In fact, central minimum capacity factor targets were largely aspirational, and virtually all provinces failed to meet them. Reflecting the primacy of local authority in this space, there were no repercussions from the center (NEA 2017). In Gansu, however, conflicting local and central government intentions with respect to markets led to a rare public rebuke by the NEA of local policy. The Gansu government established minimum capacity factor targets roughly a third of the central mandates, and within weeks the NEA forced Gansu to retract them (Xiao 2016). Given the realized generation, and with one estimate that roughly 60% of all renewable energy was settled through bilateral contracts that year,Footnote 28 the local rules ultimately prevailed: the de facto “full purchase” amount paid at the full FIT was indeed around the province’s target.

Gansu’s example therefore illustrates why local governments adopt bilateral contracts, China’s dominant electricity market type: ideologically, these market instruments are tools for particularistic state goals, such as encouraging industrial electricity consumption, not efficiency or other market-building goals. In addition to specifying which generators may participate, local governments have autonomy to specify discriminatory contract terms such as “market multipliers.” The clear primacy of local initiatives over central aims illustrates the institutional constraints that such efforts must navigate in achieving these aims (e.g., legacy sangong allocations).

Exporting "Excess" Electricity: Localities Redefine Market Roles

The supply of electricity outstrips demand in most areas in northern China (particularly relative to the rapid growth period of the 2000s), leading to pronounced coal plant overcapacity driven in part by legacy subnational institutions embedded in earlier reforms.Footnote 29 In response, the China Electricity Council, the electricity industry’s main association, as early as 2011 sought to frame certain regions as having “excess” or “surplus” (fuyu | 富余) capacity, in order to encourage greater inter-provincial trade (CEC 2011). The central government for decades has envisioned large-scale inter-provincial energy transfers and eagerly established guidelines for trading this “excess,” relying on a mechanism known as an “excess electricity exchange.”

Beginning in 2012, the Northeast Grid and North Grid agreed to trade the Northeast’s “excess” coal and wind electricity through a “market-based mechanism based on principles of equality and voluntary participation.”Footnote 30 The exchange procedure, typically conducted semi-annually, begins with sending and receiving governments and grid companies deciding on a total trading amount (e.g., Northeast Electricity Exchange 2016). The price is fixed by the central government at a level below the prevailing tariffs in the sending region, sufficient to incentivize reticent receiving provinces to accept imported power.

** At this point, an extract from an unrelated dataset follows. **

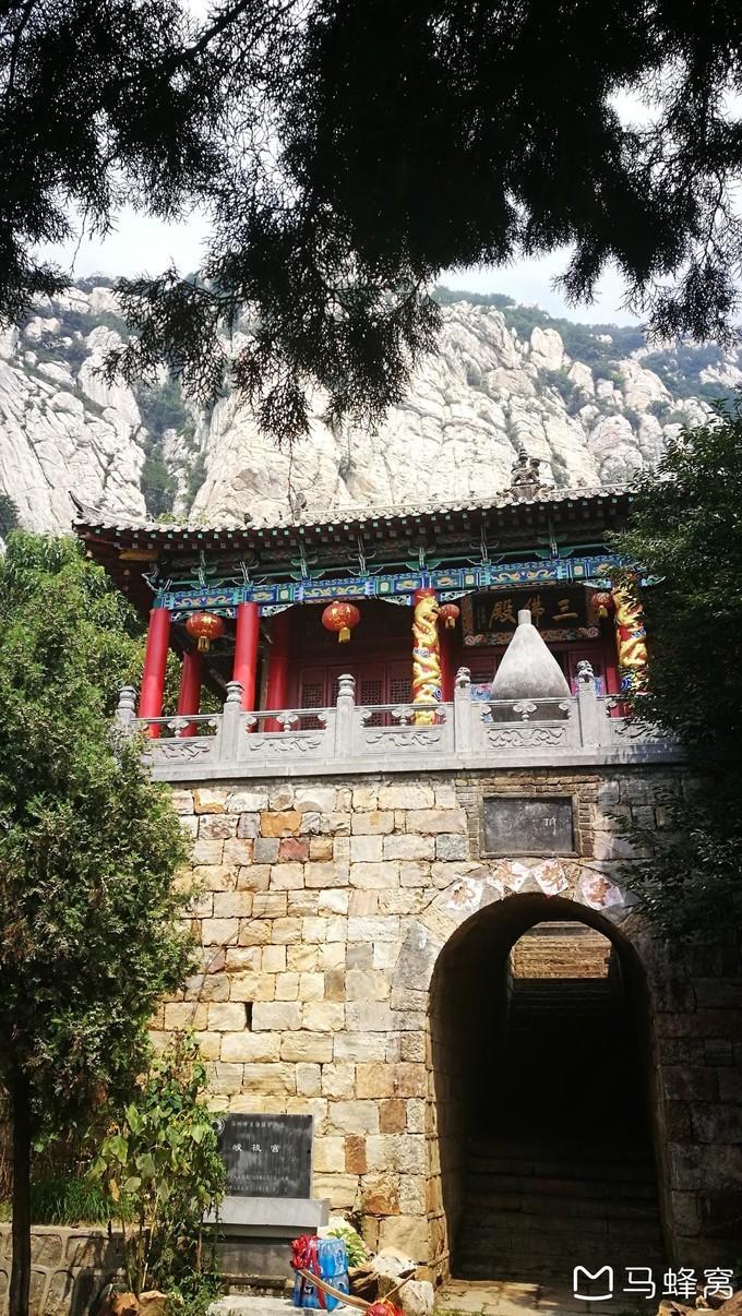 11:40,到达峻极宫,与明汇合。正殿和偏殿看上去都比较简陋,旁边上山的道路旁是“石船”。向前经过聚仙亭,道路平缓了许多,真是恰到好处,因为这时候体力消耗达到了峰值,坚持过这一段对后面来讲会适应很多。在树荫下,享受着山风阵阵吹来,沿着这段起伏坡道快步向前。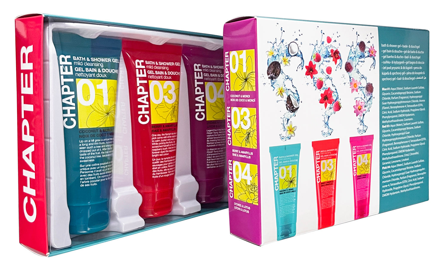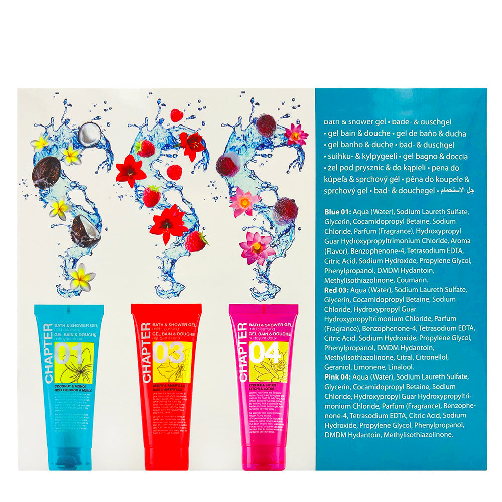 Набір для подорожей 01: гель для душу x3 CHAPTER coconut & monoi / berry & amaryllis / lychee & lotus

Approved wind and coal plants in the sending region bid into an exchange operated by their grid company (Northeast Grid). In this manner, generators who face oversupply may access additional consumers, though at a reduced price. Based on a review of the results of excess wind auctions in 2015 and 2016, nearly all farms participated, reflecting the large curtailment pressure faced by northeast wind suppliers. Roughly 31% of all wind electricity generation was sold through these exchanges over one winter (NECG 2015).

However, in contrast to bilateral contracts, the excess exchanges do not allow for competition on price. When more generators wish to participate than the trading amount negotiated by governments and grids—frequently the case—regulations dictate that export quantities be split evenly according to plant capacity, essentially reverting to a sangong-like sharing mechanism (Northeast SERC 2013).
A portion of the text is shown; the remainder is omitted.